Provided material
--- START ---
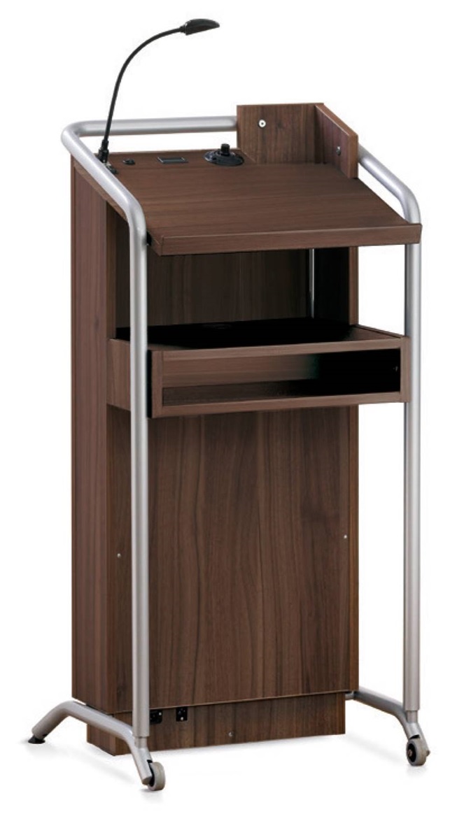 Mit dem Pult gelang es dem Designer ein formvollendetes Rednerpult zu schaffen, dessen durchdachte Funktionalität letztlich jeden Redner begeistert. Das Pult ist in verschiedenen Ausführungen – unter anderem in einer elektrisch höhenverstellbaren Variante – erhältlich.
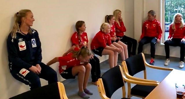 Besøket var siste del av “premien” som følger med å bli tatt ut som Minihåndballjente for ett år.
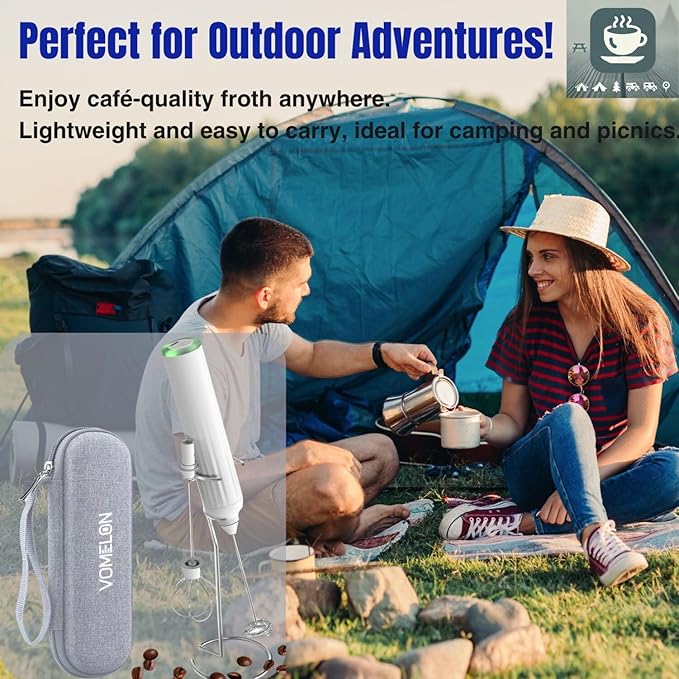 - 【Enjoy creamy froth in seconds】 With VOMELON milk frother handheld, you can whip up smooth and silky milk foam for your favorite beverages in minutes. Whether you want to make a latte, cappuccino, hot chocolate or protein shake, this electric whisk will help you create a rich and delicious foam every time.
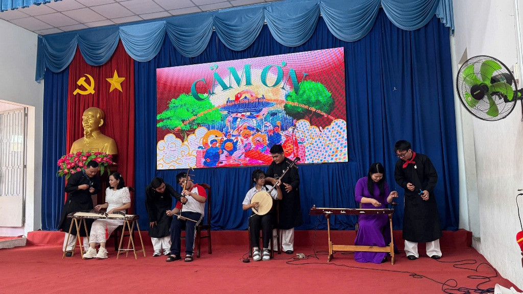 Đem cải lương đến trường học. Trong ảnh, Trường THPT chuyên Hùng Vương (TP.HCM) sinh hoạt chuyên đề cải lương.
--- END ---
An exact repeat of the listing above, pictures excluded, is the answer.

Exercise response
 Mit dem Pult gelang es dem Designer ein formvollendetes Rednerpult zu schaffen, dessen durchdachte Funktionalität letztlich jeden Redner begeistert. Das Pult ist in verschiedenen Ausführungen – unter anderem in einer elektrisch höhenverstellbaren Variante – erhältlich.
 Besøket var siste del av “premien” som følger med å bli tatt ut som Minihåndballjente for ett år.
 - 【Enjoy creamy froth in seconds】 With VOMELON milk frother handheld, you can whip up smooth and silky milk foam for your favorite beverages in minutes. Whether you want to make a latte, cappuccino, hot chocolate or protein shake, this electric whisk will help you create a rich and delicious foam every time.
 Đem cải lương đến trường học. Trong ảnh, Trường THPT chuyên Hùng Vương (TP.HCM) sinh hoạt chuyên đề cải lương.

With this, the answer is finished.